I’ve done a little more reading. I found that Sprague was not the first time the Supreme Court ruled on procedural questions related to an amendment proposal. That appears to have been Hawke v Smith in 1920. There was also Dillon v Gloss in 1921, Sprague in 1931, and Coleman v. Miller in 1939.
All of these decisions were addressing procedural issues in amendment proposals. So you may be thinking what’s my point?
Suppose the SDMB had existed back in 1914. And I had posted a question asking if the Supreme Court had the authority to rule on procedural issues related to an amendment proposal. People might have responded quite factually that the Supreme Court had never issued such a decision. And they might have concluded from that, that the Supreme Court never would rule on a procedural issue related to an amendment proposal.
But the Supreme Court has now done this at least four time since 1914.
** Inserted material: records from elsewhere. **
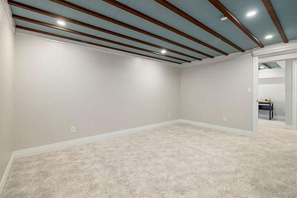 The lower level offers flexible space for media, fitness, or office use. Interior finishes include solid pine doors, custom railings, adjustable lighting, and luxury vinyl plank and carpet flooring, all compatible with in-floor radiant heat.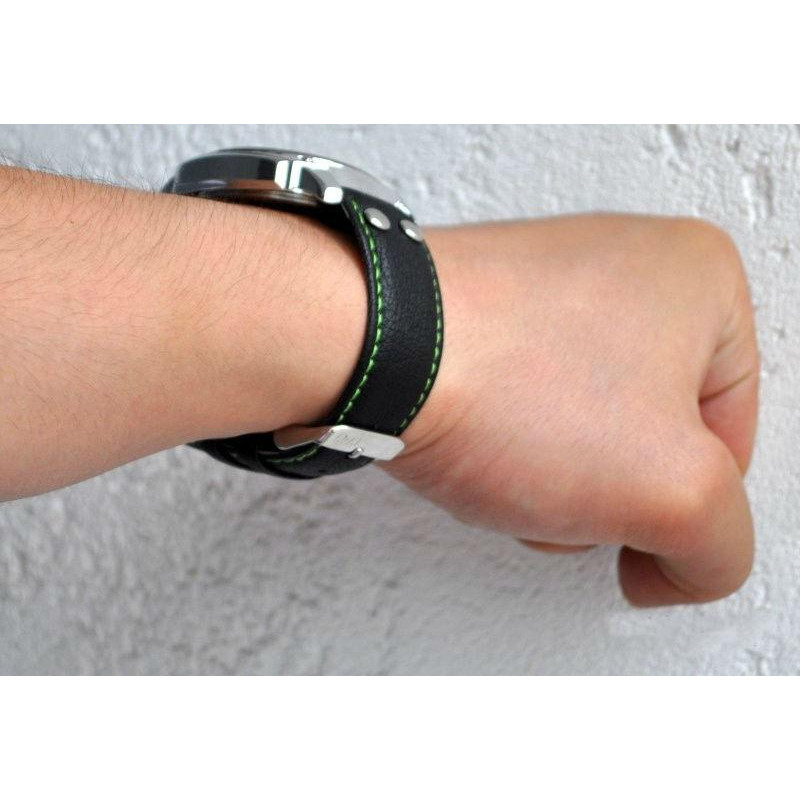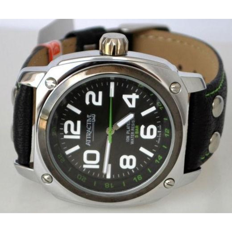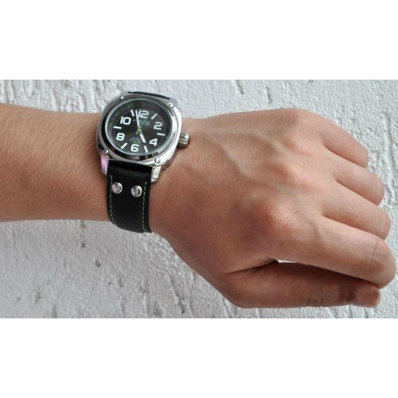 Люминесцентные стрелки. Корпус серебристого цвета. Чёрный кожаный ремешок. Есть дополнительная шкала..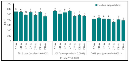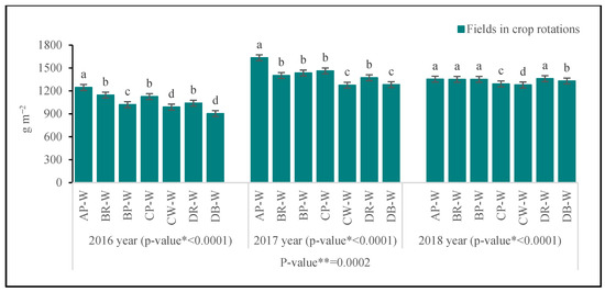Above-ground biomass of winter wheat at BBCH 36 stage. Abbreviations: * p-value for fields in crop rotations, ** p-value for years; AP-W—crop rotation A, forecrop pea; BR-W—crop rotation B, forecrop rape; BP-W—crop rotation B, forecrop pea; CP-W—crop rotation C, forecrop pea; CW-W—crop rotation C, forecrop wheat; DR-W– crop rotation D, forecrop rape; DB-W—crop rotation D, forecrop barley. Different letters indicate significant differences between fields in crop rotation (p < 0.05); n = 4.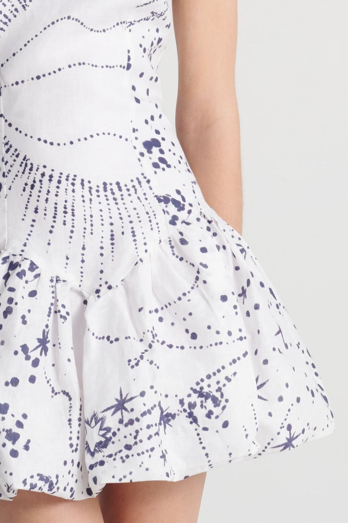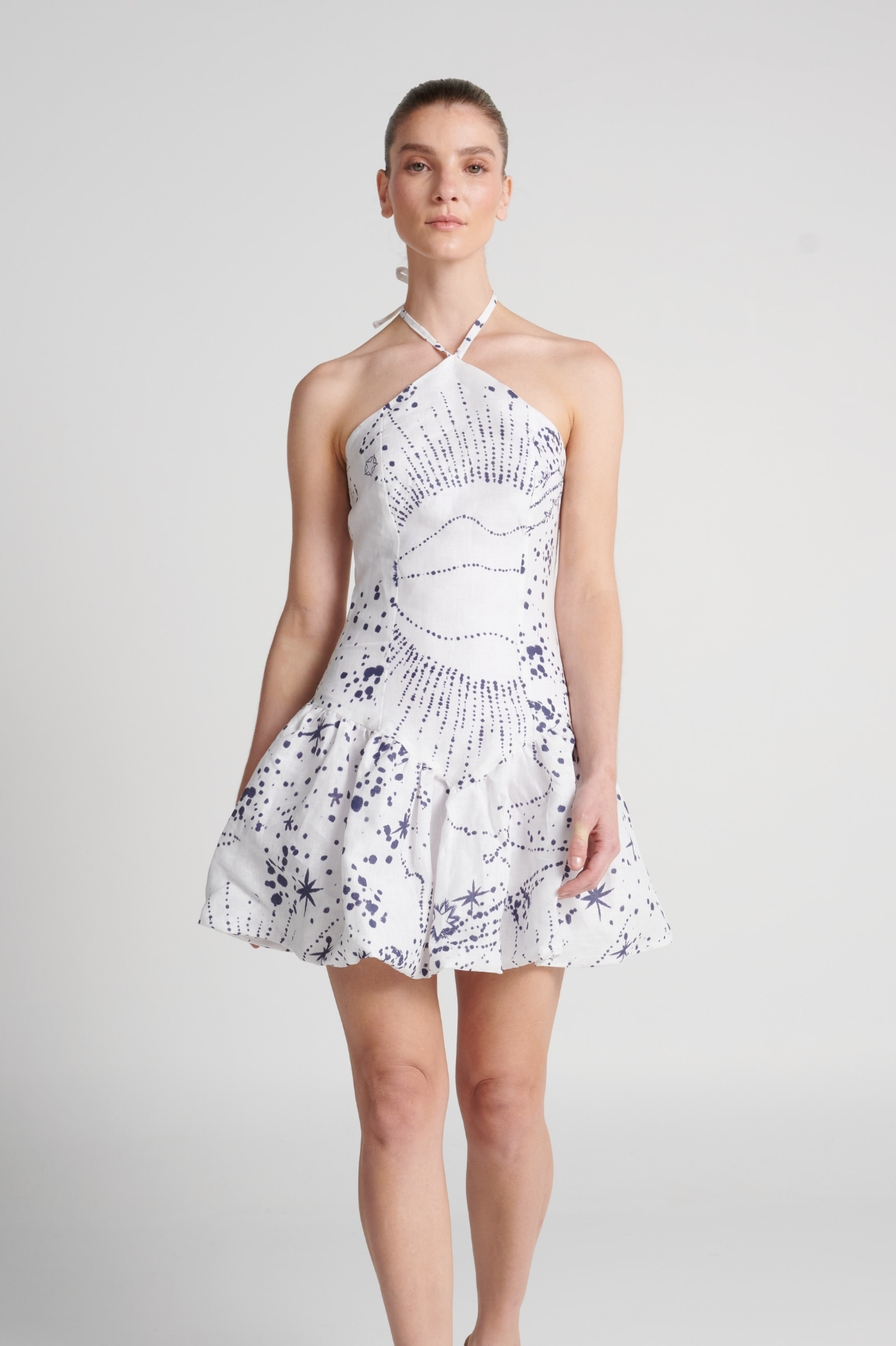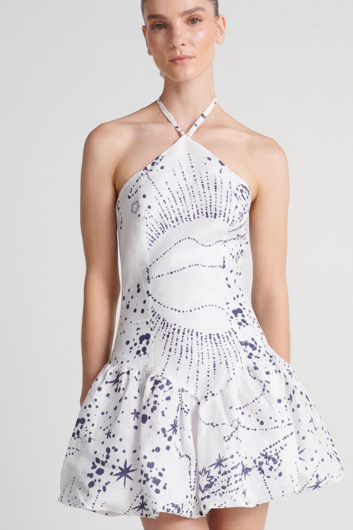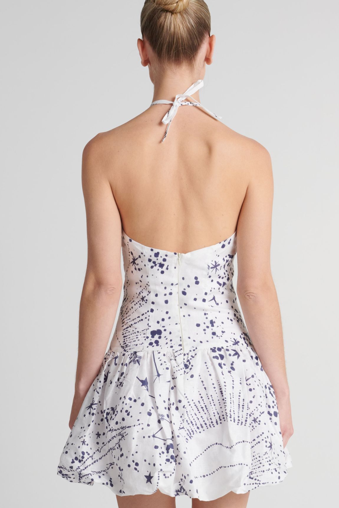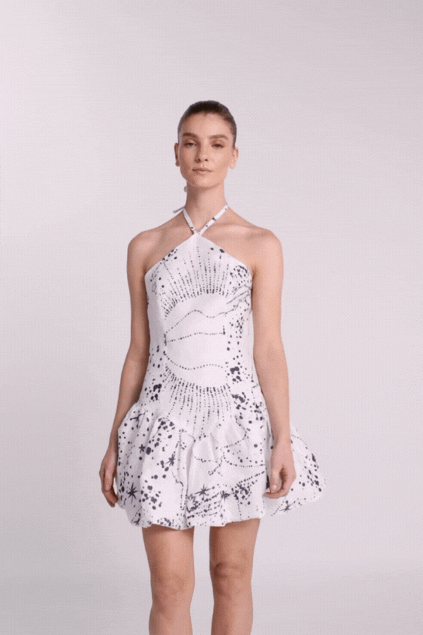 Vestido con amarre al cuello y corte a la altura de la cadera. Incluye cremallera invisible en la espalda para un acabado limpio. La falda presenta un volumen tipo globo.

It’s now 2024. I’m asking asking if the Supreme Court had the authority to rule on substantive issues related to an amendment proposal. People are responding factually that the Supreme Court had never issued such a decision. And they appear to be concluding from that, that the Supreme Court never will rule on a substantive issue related to an amendment proposal.
Okay, now can somebody explain to me what factors exist in 2024 that justify making this prediction of what the Supreme Court might do in the future that were not factors in 1914?